Summer Rain
I'm sitting in the car as rain pours down and Taylor sings quietly through the speakers. My window is slightly open, and the rain mists onto my leg like an anointing. My 2-year-old niece is asleep in the back seat and I want her to sleep as long as her little body will allow.
She's staying over tonight and I know how precious these days are. I don't have anyone falling asleep in the car anymore. They burst out and run inside faster than I can put all my things back in my purse. I don't have to worry about their nap affecting their bedtime, or racing home from the beach before they doze off.
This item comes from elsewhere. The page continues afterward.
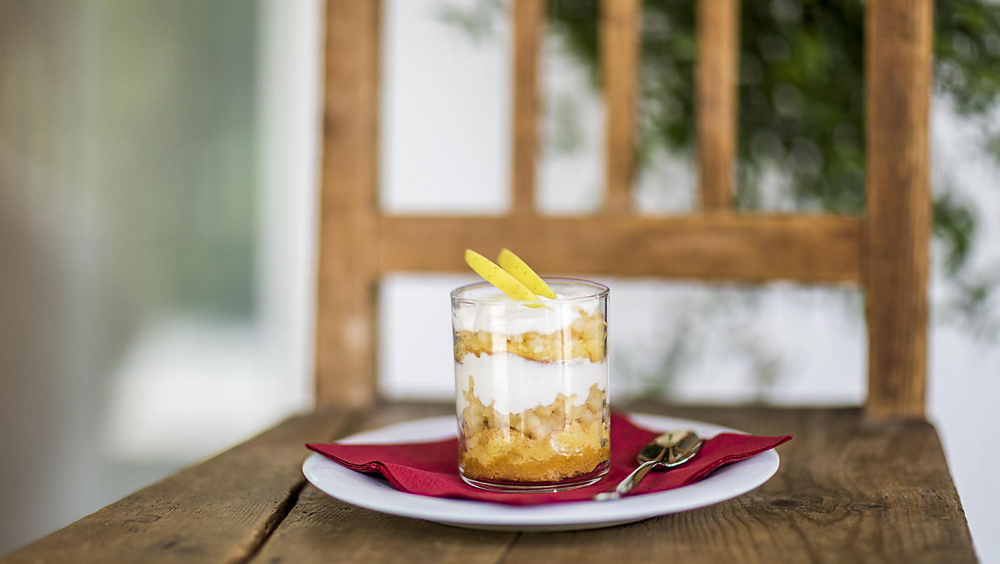 StepCut out rounds from the biscuit base. Form layers of biscuit rounds, apple cubes and crème in a glass. -

When I was a little girl, time with my cousins was like gold. We only ever saw them in the summer. And our time together was always special. I had five of them, and though even my husband had many many more, five felt like such a gift. We spent nights out in a camper, and made up dance routines. Summer mornings were passed happily in the pool, ravenous for the PB&J's Gram brought with Juicy Juice boxes and grapes at noon. We went to amusement parks and baseball games and begged for McDonald's.
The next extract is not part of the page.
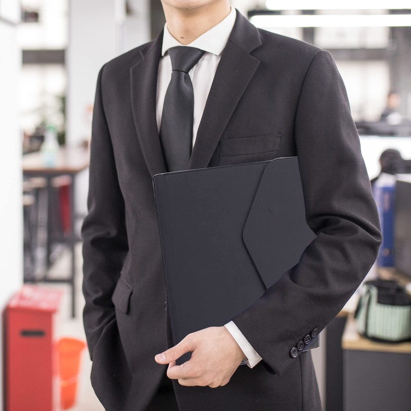 - "Asymmetric Beveled Design": The document pocket with slanted opening has two invisible magnetic buckles that not only protect documents from loss, but also have a great sense of design. There is a PVC label bag inside the folder to hold business cards and ID cards

What will our kids remember? How will we make moments so special for our children and their cousins? How will summer go down in their memories? A frazzled mom, fuzzy in their rearview mirror, who got upset about the messy house that never quite seemed to get picked up when there was no school? The mom that said "later" to playing catch with her son, only to discover that later never happened.
Or the mom who suggested playing Sonic Uno on a rainy day? The mom who never stopped requiring her teenage girls to read the Bible out loud on their boba tea dates, because even if they weren't interested, she believed that God's word was more powerful than their teenage petulance.
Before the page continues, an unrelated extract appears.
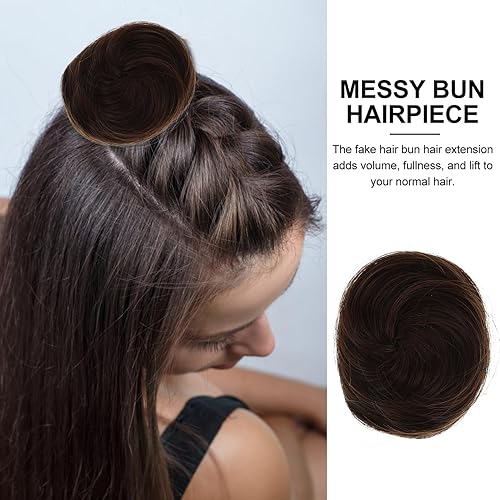 Faux Hair Buns Clip - Natural Look Brown Black Bun Hairpiece(Light Brown)

Summer for moms can be hard as hell. But summer for our kids can be magical (whether or not they're lucky enough to have cousins in the midst of it.)
I want to be a mom who is strong enough to acknowledge the rain but live deeply into the rainbow. I want to throw out the grudges I'm tempted to hold on to from yesterday, and love my children through our shared moments of frustration, boredom, angst, and annoyance. If we push through those moments at their side, simple day after simple day, will our days together become more meaningful? A milestone of making it through the rain and glorying at the beauty of the rainbow, together?